DESCRIPTION OF THE TASK:
Exactly as written, return all the data, leaving its pictures behind.

═══ WORKING DATA

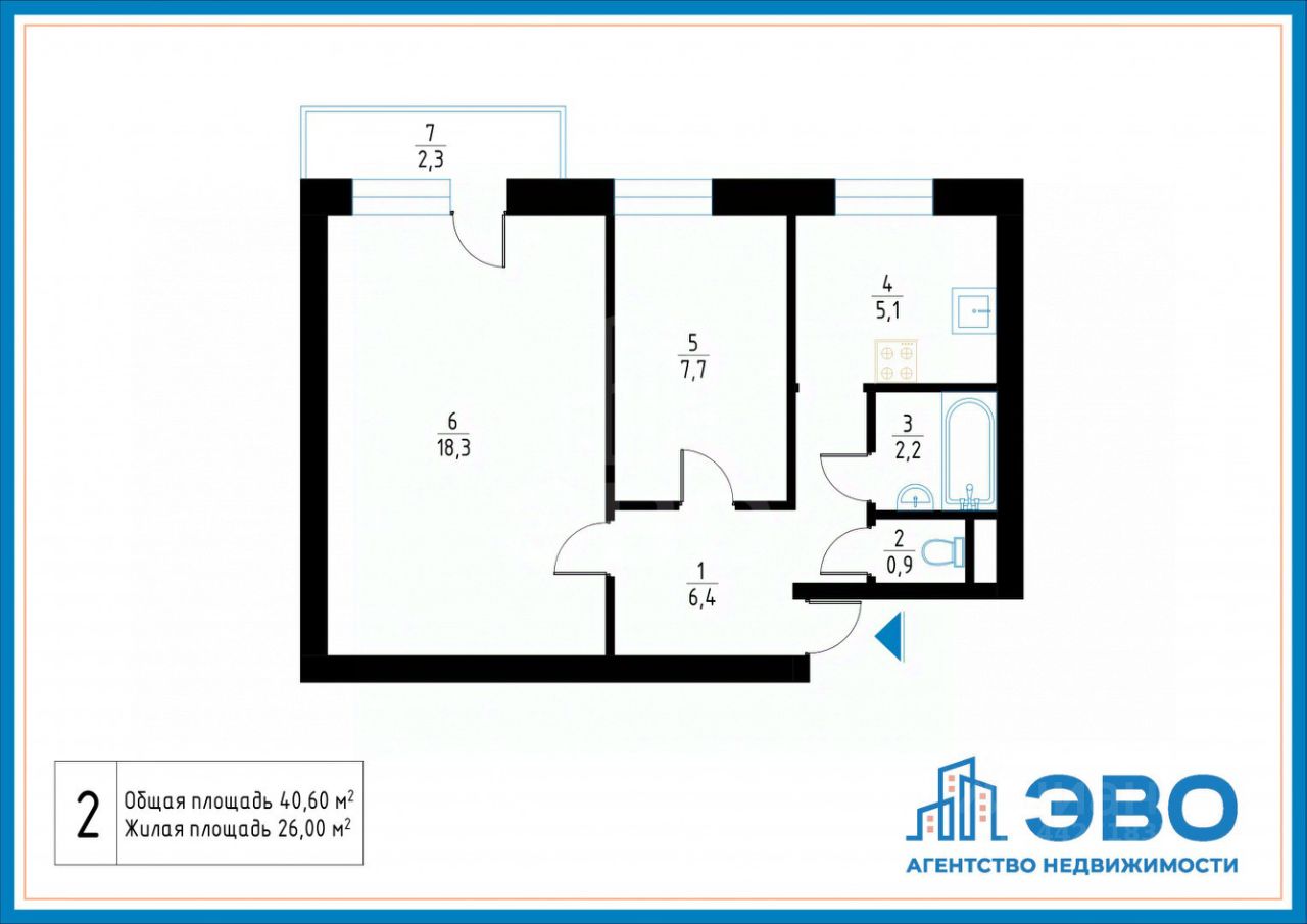 изолированная планировка, площадь комнат 18,3 и 7,7 кв. м
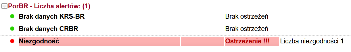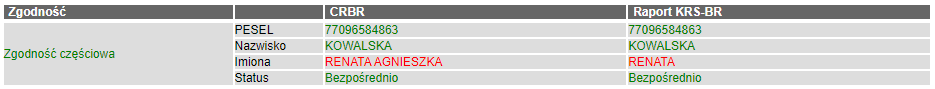 - zgodność częściowa - w bazie KRS oraz CRBR znajdują się dane tych samych osób, lecz różnią się między sobą np. niepodanie drugiego imienia, czy też wskazany inny rodzaj udziałów,
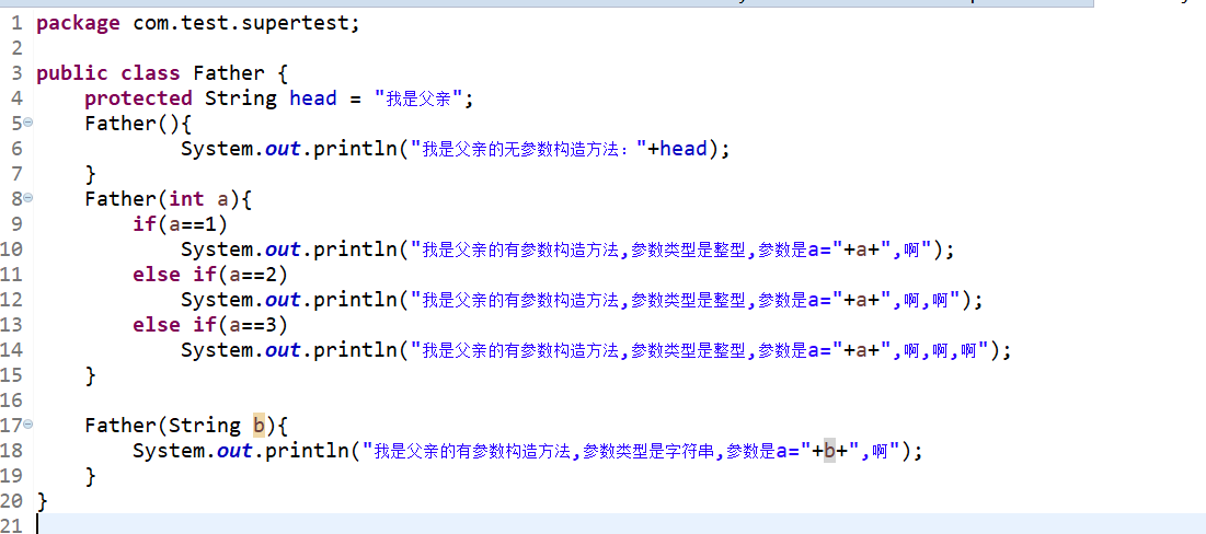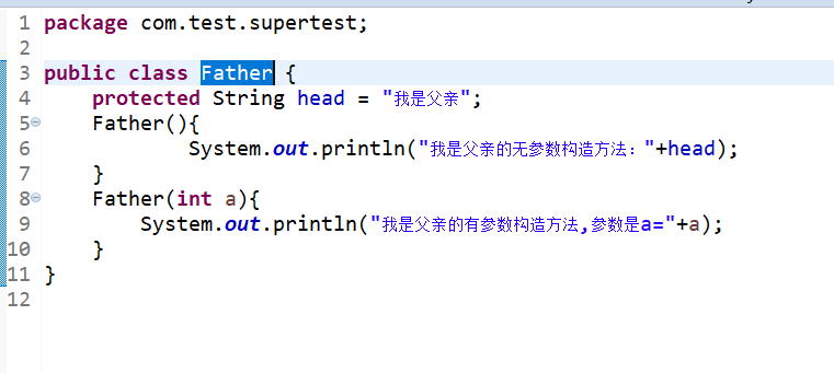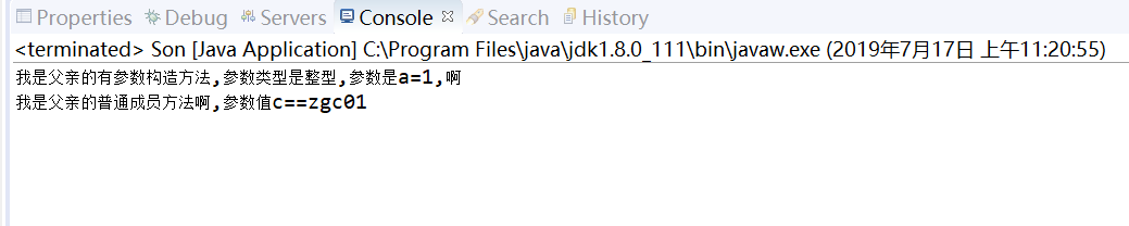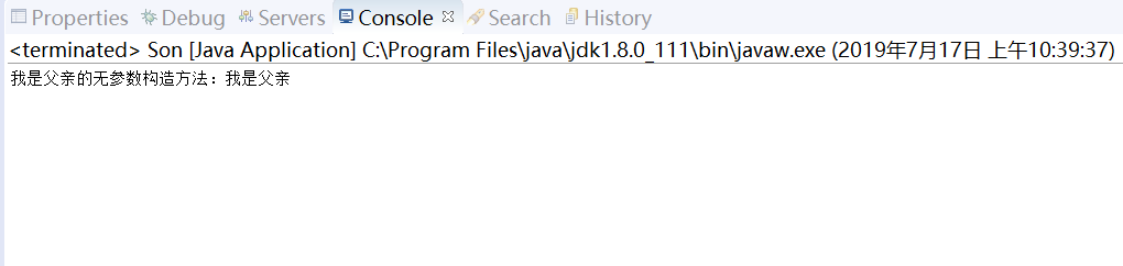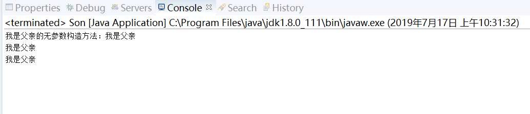 又以上结果可知,理论与实践相符!!!(其中“我是父亲的无参数构造方法…..”这句话之所以输出,是因为在Son(String str)此构造方法里面自动加上了super()而在Father( )里面有向控制台输出的语句。)
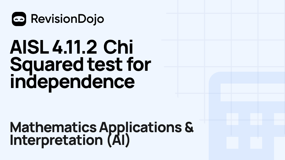 These comprehensive video lessons help IB Mathematics Applications & Interpretation (AI) students Standard Level (SL) and Higher Level (HL) understand and master the essential concepts needed for success in IB Exams. Each video focuses on Statistics and Probability and is aligned with the IB Mathematics Applications & Interpretation (AI) syllabus, ensuring focused learning on core principles, advanced applications, and practical problem-solving. Students can watch and rewatch anytime, anywhere, perfect for visual learners, reinforcing complex concepts, and understanding IB methodology. By using RevisionDojo's video lessons consistently, learners build deep understanding and enter the exam with confidence.
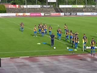 いまは、ドイツ(プロ)サッカーコーチ連盟が借り切ったスタジアムの観客席でコンピューターに向かっているんですよ。そう、まず講演内容をメモっておこうっちゅうわけさ。

══════

OUTPUT OF THE TASK:
 изолированная планировка, площадь комнат 18,3 и 7,7 кв. м
 - zgodność częściowa - w bazie KRS oraz CRBR znajdują się dane tych samych osób, lecz różnią się między sobą np. niepodanie drugiego imienia, czy też wskazany inny rodzaj udziałów,
 又以上结果可知,理论与实践相符!!!(其中“我是父亲的无参数构造方法…..”这句话之所以输出,是因为在Son(String str)此构造方法里面自动加上了super()而在Father( )里面有向控制台输出的语句。)
 These comprehensive video lessons help IB Mathematics Applications & Interpretation (AI) students Standard Level (SL) and Higher Level (HL) understand and master the essential concepts needed for success in IB Exams. Each video focuses on Statistics and Probability and is aligned with the IB Mathematics Applications & Interpretation (AI) syllabus, ensuring focused learning on core principles, advanced applications, and practical problem-solving. Students can watch and rewatch anytime, anywhere, perfect for visual learners, reinforcing complex concepts, and understanding IB methodology. By using RevisionDojo's video lessons consistently, learners build deep understanding and enter the exam with confidence.
 いまは、ドイツ(プロ)サッカーコーチ連盟が借り切ったスタジアムの観客席でコンピューターに向かっているんですよ。そう、まず講演内容をメモっておこうっちゅうわけさ。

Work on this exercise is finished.